Além disso, Fernandes foi condenado em 2021 a pagar uma indenização de R$ 50 mil à jornalista Patrícia Campos Mello, da Folha de S. Paulo, após ataques machistas que ele fez em suas redes sociais. Nesse mesmo ano, o Ministério Público do Ceará também o investigou por prática de nepotismo, após a nomeação de dois parentes para cargos em seu gabinete na Assembleia Legislativa do Ceará.
Esses episódios de fake news e suas repetidas acusações infundadas levaram Fernandes a ser classificado como um dos maiores propagadores de desinformação no Ceará. Suas postagens frequentes e, muitas vezes, sem embasamento levaram plataformas como o Instagram a classificarem algumas de suas publicações como “informações falsas”, incluindo dados enganosos sobre a saúde pública do estado.
Acusações de Golpismo e Moderação no Discurso
André Fernandes também esteve sob investigação após os ataques de 8 de janeiro de 2023, quando apoiadores radicais de Jair Bolsonaro invadiram as sedes dos Três Poderes em Brasília, inconformados com o resultado das eleições presidenciais que levaram Lula de volta ao poder. Fernandes, por sua vez, foi acusado de incitar os atos, mas a Procuradoria-Geral da República acabou arquivando o caso por falta de provas.
Com todas essas controvérsias no currículo, Fernandes parece, em certos momentos, tentar distanciar-se da imagem mais radical que construiu ao longo dos últimos anos. Durante a campanha para a prefeitura de Fortaleza, por exemplo, ele tem moderado seu discurso e evitado menções explícitas ao ex-presidente Jair Bolsonaro, de quem é um fiel aliado durante todo o mandato. A estratégia parece ser uma tentativa de ampliar seu eleitorado, focando em pautas mais populares e menos polarizadas.
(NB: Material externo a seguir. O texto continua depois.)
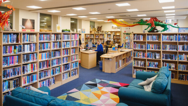 The library is designed to be a welcoming, comfortable space where students can escape the bustle of the school day to focus and reflect.

A Carreira Política e o Futuro de Fortaleza
Mesmo com o histórico conturbado, Fernandes pode estar prestes a conquistar o cargo de prefeito de uma das capitais mais importantes do Brasil. Caso vença, sua eleição será vista como uma vitória da direita bolsonarista em um estado tradicionalmente governado por forças progressistas. Fernandes, que já enfrentou dezenas de processos por calúnia, injúria e difamação, continua a atrair um público fiel, principalmente entre jovens eleitores conservadores que compartilham de seu estilo irreverente e agressivo de fazer política.
Mas a possível gestão de Fernandes também levanta questionamentos. Como um político tão jovem, com pouca experiência administrativa e um histórico de conflitos com instituições democráticas e propagação de desinformação, lidaria com os desafios de comandar uma cidade tão complexa quanto Fortaleza? Seus críticos apontam que seu estilo combativo pode criar mais instabilidade do que soluções, enquanto seus apoiadores acreditam que ele pode representar uma mudança radical e necessária para a cidade.
Com o segundo turno se aproximando, Fortaleza está prestes a tomar uma decisão que pode mudar o curso de sua história política.